Exercise details: Within the records below, find the line with "在经过各院系初赛选拔后,由我" and the line with "Okupljeni su upalili", then reproduce exactly those two lines and all lines between them, without any picture.

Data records
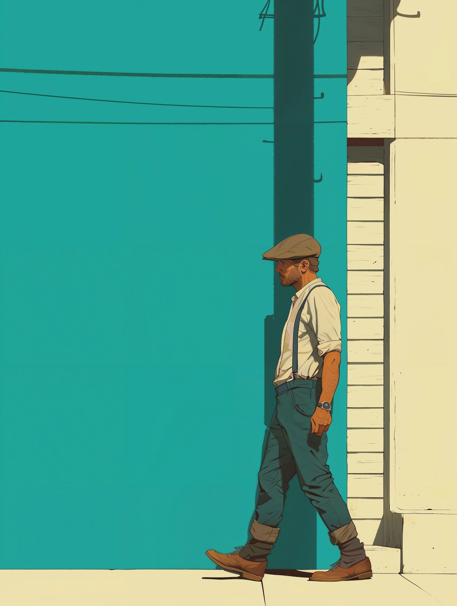 Stylish man in suspenders walks past a teal wall, casting a shadow. Flat cap, rolled-up sleeves, and brown boots add vintage charm.
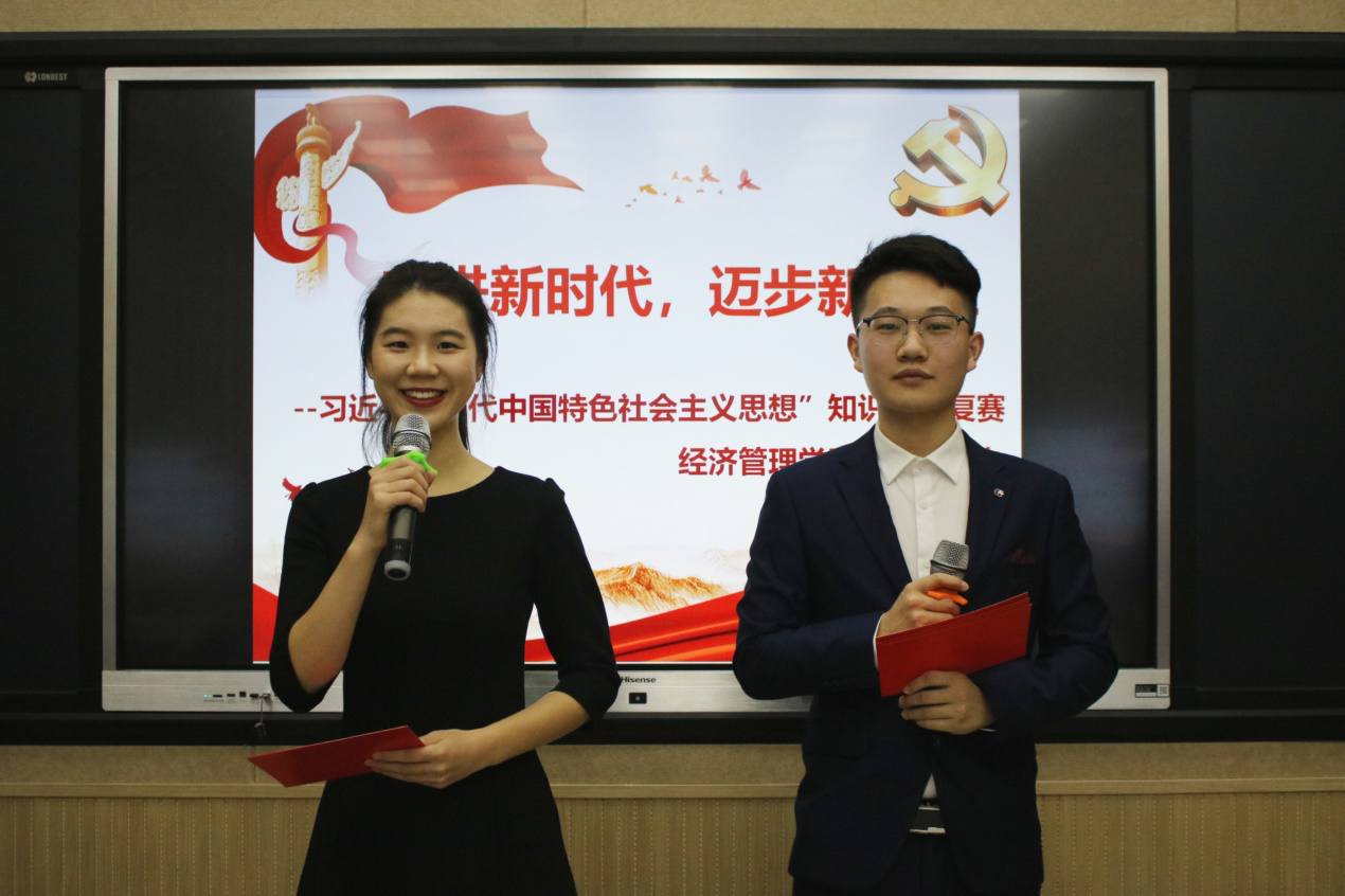 在经过各院系初赛选拔后,由我院承办第二赛区,于11月12日,在图书馆202开展以“奋进新时代,迈向新长征”为主题的知识竞赛。参加此次竞赛的有数学与统计学院党总支、文学院党总支、政法学院党总支、旅游与规划学院党总支、william威廉英国党总支。数学与统计学院党总支书记李建民、文学院党总支副书记申自强、政法学院党总支副书记张晓东、旅游与规划学院申鹏翔以及我院党总支书记刘嘉俊担任此次复赛评委。
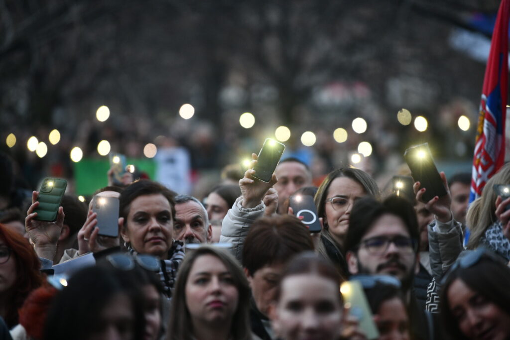 Okupljeni su upalili bliceve na svojim mobilnim telefonima i počela je petnaestominutna tišina ispred Ministarstva prosvete.
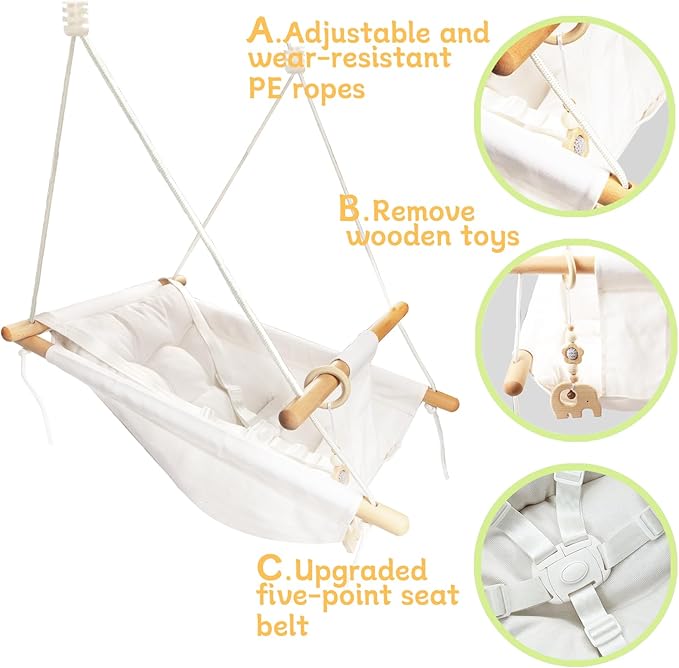 - 【Suitable for Indoor and Outdoor Use】This baby swing is very versatile. You can install it as an indoor swing in the baby's room or an outdoor swing for kids in the backyard. You can also use it as a tree swing on a backyard tree. But be careful! Since it's made of canvas and wood, don't use it in a humid place or on rainy days.
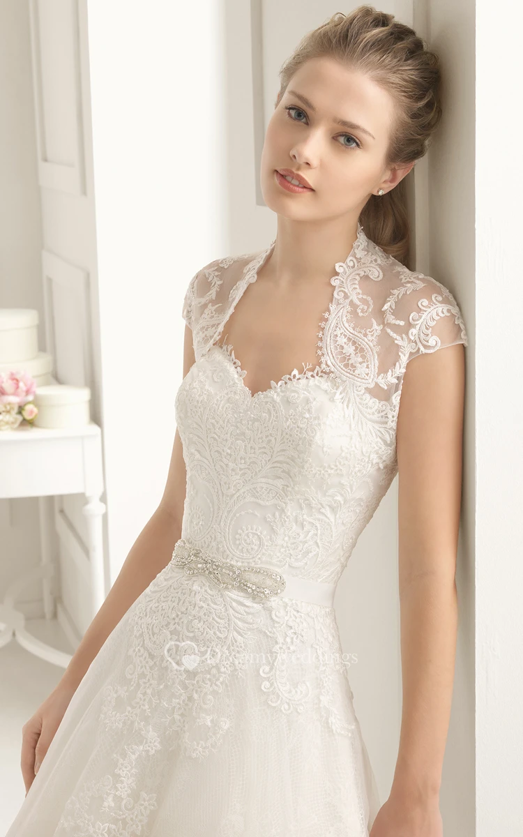 Lovely Gown With Cap-Sleeved Cape And Bead Sash
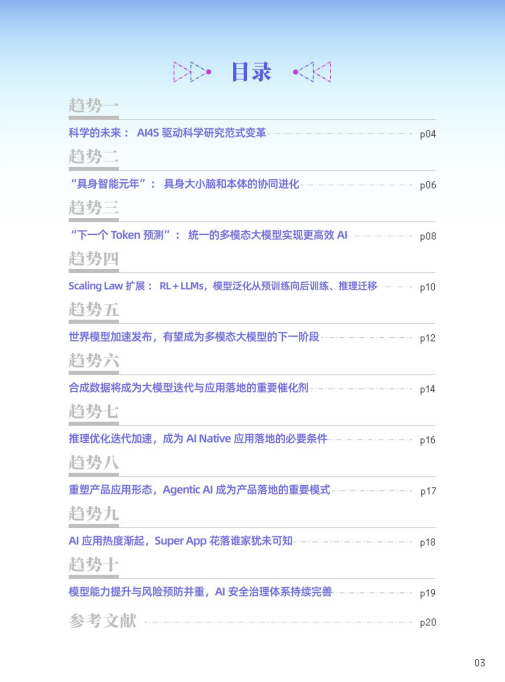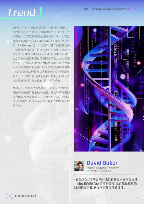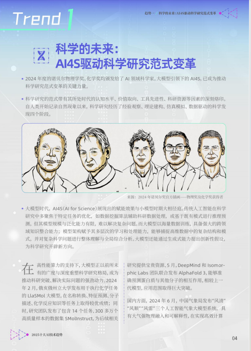 趋势一:科学的未来: Al4S驱动科学研究范式变革AI4S 驱动科学研究进入新阶段,大模型凭借强大的跨领域知识整合与创新假设能力,重塑科研格局。如 2024 年俄亥俄州立大学、DeepMind 等发布的相关模型在化学、蛋白质研究领域取得突破,国内也有气象、生物智能模拟等方面的成果。2025 年,多模态大模型将进一步助力科学研究。
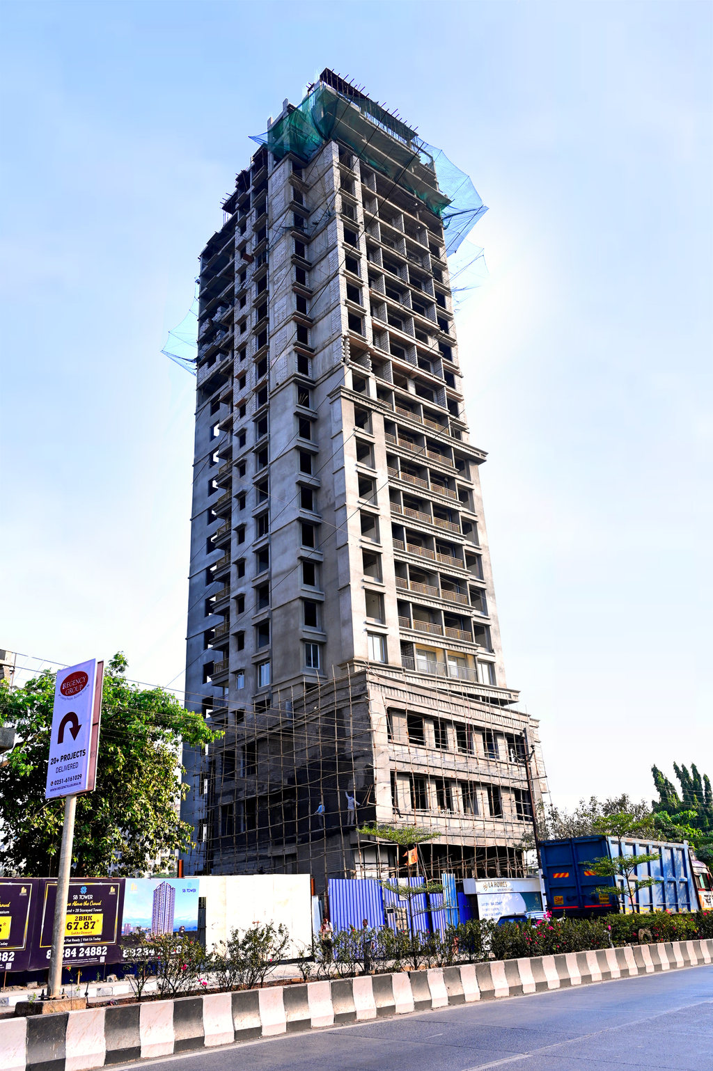 La Grandeur is a thoughtfully designed mixed-use development in Sonar Pada, Dombivli East, bringing together residential and commercial spaces in a compact and efficient layout. The project consists of a 22-storey residential tower with 1 and 2 BHK apartments ranging from 332 to 626 sq.ft., supported by a ground plus two-level (G+2) commercial podium that caters to retail and service businesses. The project is in its final stages of construction and is nearing completion, with interior and infrastructure works being finalized.

Solution for this task:
 在经过各院系初赛选拔后,由我院承办第二赛区,于11月12日,在图书馆202开展以“奋进新时代,迈向新长征”为主题的知识竞赛。参加此次竞赛的有数学与统计学院党总支、文学院党总支、政法学院党总支、旅游与规划学院党总支、william威廉英国党总支。数学与统计学院党总支书记李建民、文学院党总支副书记申自强、政法学院党总支副书记张晓东、旅游与规划学院申鹏翔以及我院党总支书记刘嘉俊担任此次复赛评委。
 Okupljeni su upalili bliceve na svojim mobilnim telefonima i počela je petnaestominutna tišina ispred Ministarstva prosvete.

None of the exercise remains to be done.